#### Your task:
Restate the whole of the data below word for word, skipping the images.

#### Supplied data:
══════

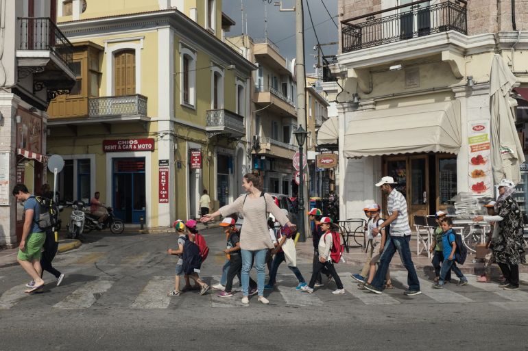 Chios, Greece – A group of Syrian children walk along the pavement and make their way to school. With each coffee shop they pass, they cheerfully shout “Kalimera” – Greek for “Good morning” – in unison.
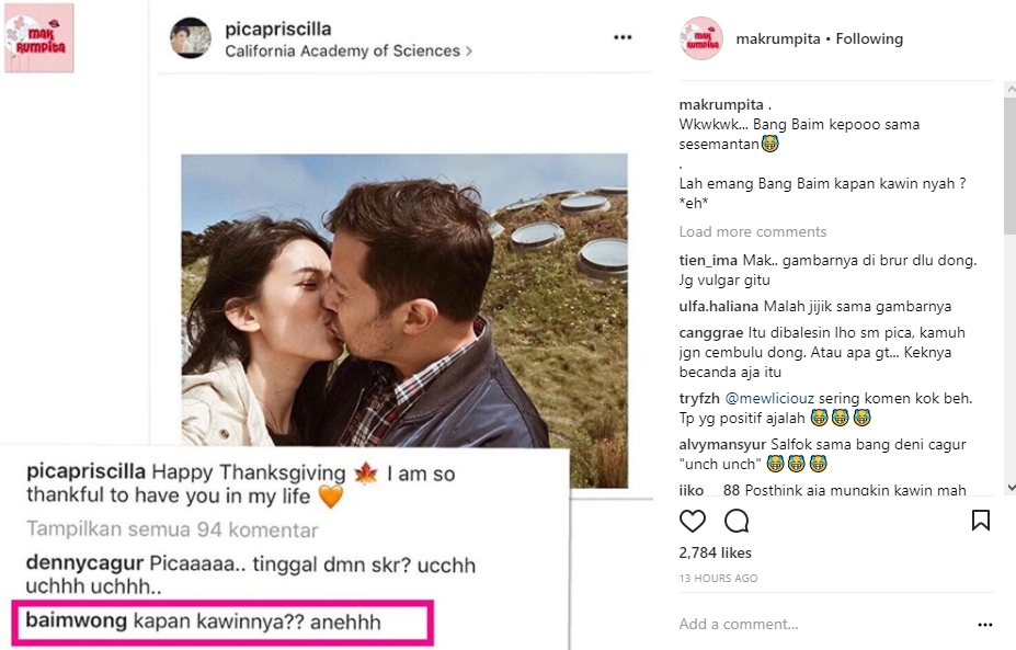 Postingan itu pun menuai berbagai komentar dari publik. Namun, siapa sangka jika Baim yang hubungannya dengan Vebby Palwinta masih meninggalkan tanda tanya itu tampak antusias meninggalkan komentar di laman Instagram Pica. Baim bahkan blak-blakan saat menyinggung soal pernikahan. "kapan kawinnya?? anehhh," tulis Baim.
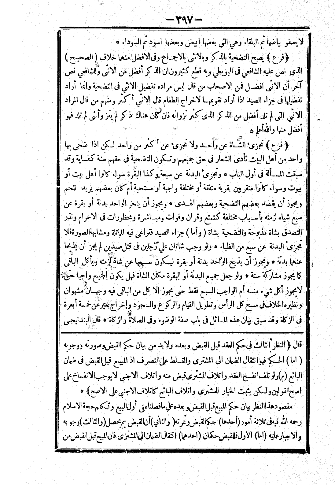قال (النظر الثالث في حكم العقد قبل القبض وبعده ولابد من بيان حكم القبض وصورته ووجوبه (اما) الحكم فهو انتقال الضمان إلى المشتري والتسلط على التصرف إذ المبيع قبل القبض في ضمان البائع (م) ولو تلف انفسخ العقد واتلاف المشتري قبض منه واتلاف الاجنبي لا يوجب الانفساخ على

══════

#### Written response:
 Chios, Greece – A group of Syrian children walk along the pavement and make their way to school. With each coffee shop they pass, they cheerfully shout “Kalimera” – Greek for “Good morning” – in unison.
 Postingan itu pun menuai berbagai komentar dari publik. Namun, siapa sangka jika Baim yang hubungannya dengan Vebby Palwinta masih meninggalkan tanda tanya itu tampak antusias meninggalkan komentar di laman Instagram Pica. Baim bahkan blak-blakan saat menyinggung soal pernikahan. "kapan kawinnya?? anehhh," tulis Baim.
قال (النظر الثالث في حكم العقد قبل القبض وبعده ولابد من بيان حكم القبض وصورته ووجوبه (اما) الحكم فهو انتقال الضمان إلى المشتري والتسلط على التصرف إذ المبيع قبل القبض في ضمان البائع (م) ولو تلف انفسخ العقد واتلاف المشتري قبض منه واتلاف الاجنبي لا يوجب الانفساخ على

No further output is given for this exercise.